As I’ve argued in the past, economists often pretend to test their theories by identifying an outcome their model predicts, and analyzing a real-world dataset to see if the outcome occurs. If it does, they crow about how the result “is consistent with” their theoretical musings. Of course, they use the latest and greatest econometric techniques, scrupulously avoiding Type I error (false positives) in that aspect of their work. This way they can claim that there is absolutely no chance the result they found was due to unobserved endogeneity, an inappropriate parametric assumption or some other glitch.
Fine: but nothing in this approach addresses the far larger problem of how likely it is that this result could occur even if the theory is wrong. That’s the real issue for Type I error minimization.

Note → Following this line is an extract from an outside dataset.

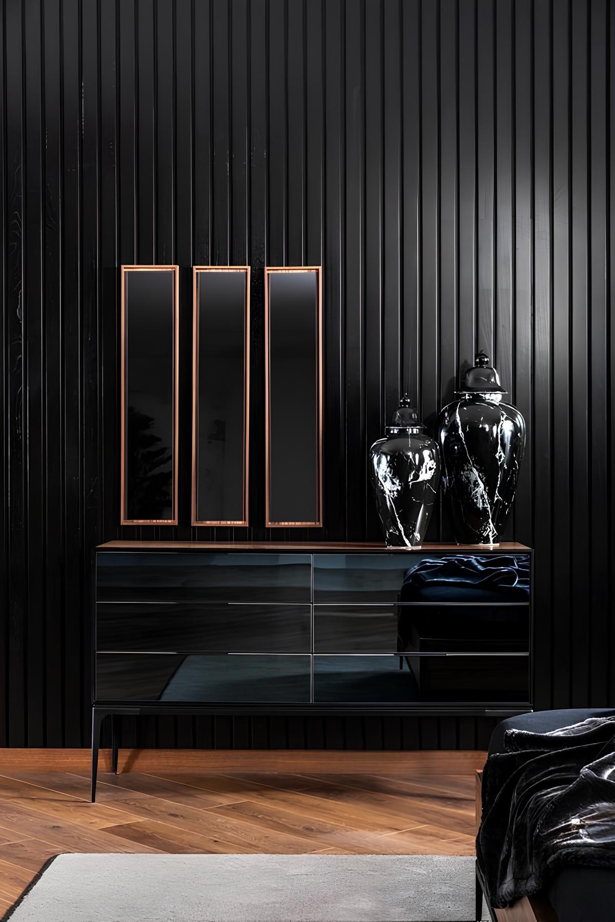 Luksuzni spalni pohištveni set združuje brezčasno eleganco in sodobno funkcionalnost, kar ga uvršča med vrhunskega v svojem razredu. Njegova črna barva in vrhunski materiali ustvarjajo sofisticirano vzdušje, ki navdušuje in pritegne poglede. Set obsega prostorno omaro, ki natančno izkorišča vsak centimeter prostora, ter posteljo, ki ponuja neprekosljivo udobje in podporo. Vsak detajl je skrbno oblikovan, da odraža ekskluzivnost in prestiž. S tem pohištvom boste v svojem domu ustvarili oazo miru in razkošja, ki bo zadovoljila tudi najzahtevnejše estete. Izbira tega seta je izraz vašega edinstvenega sloga in življenjskega standarda.

While there is no formal test for this problem, there is a procedure which can address it and even turn it to some advantage.

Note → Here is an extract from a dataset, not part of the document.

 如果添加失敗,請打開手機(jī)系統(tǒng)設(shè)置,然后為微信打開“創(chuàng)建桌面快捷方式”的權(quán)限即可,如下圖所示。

A researcher has a theory, call it X1, that can be expressed as a model of how some portion of the world works. Among other things, this theory predicts an outcome Y1 under a specified set of circumstances. There is a dataset that enables you to ascertain that these circumstances apply and to identify whether or not Y1 has arisen. How should this test be interpreted?
My proposal is simply this: the researcher should be expected to consider how many other plausible theories, X2, X3 and so on, also predict Y1. This should take the form of a section in the writeup: “How Unique Is this Prediction?” or something like that. If X1 is the only plausible theory that predicts, or better permits, Y1—if Y1 is inconsistent with all X except X1—the empirical test is critical: it decisively scrutinizes whether X1 is correct. If, however, there are other X’s that also yield Y1, the test is much weaker. It will accurately determine if X1 is false only if all the other X’s are false as well.
The first point, then, is that this additional part of the writeup will indicate to the reader how much weight to place on the demonstration that X1 has passed the Y1 test.
The second point is perhaps even more valuable. By giving some thought to the alternative theories that also explain Y1, the researcher may notice other predictions that enable her to discriminate between them. It may be that X2 predicts Y1, but only X1 predicts both Y1 and Y2. This moves the test closer to criticality, depending on how many other X’s there are in the game. Getting into the habit of testing theories not in a vacuum, but in relation to other, competing theories would be a huge advance. As a further bonus, it would push researchers in the direction of expanding their knowledge of competing theoretical traditions.
I’m going to begin making this suggestion in all theory-plus-empirical-test articles I review from now on.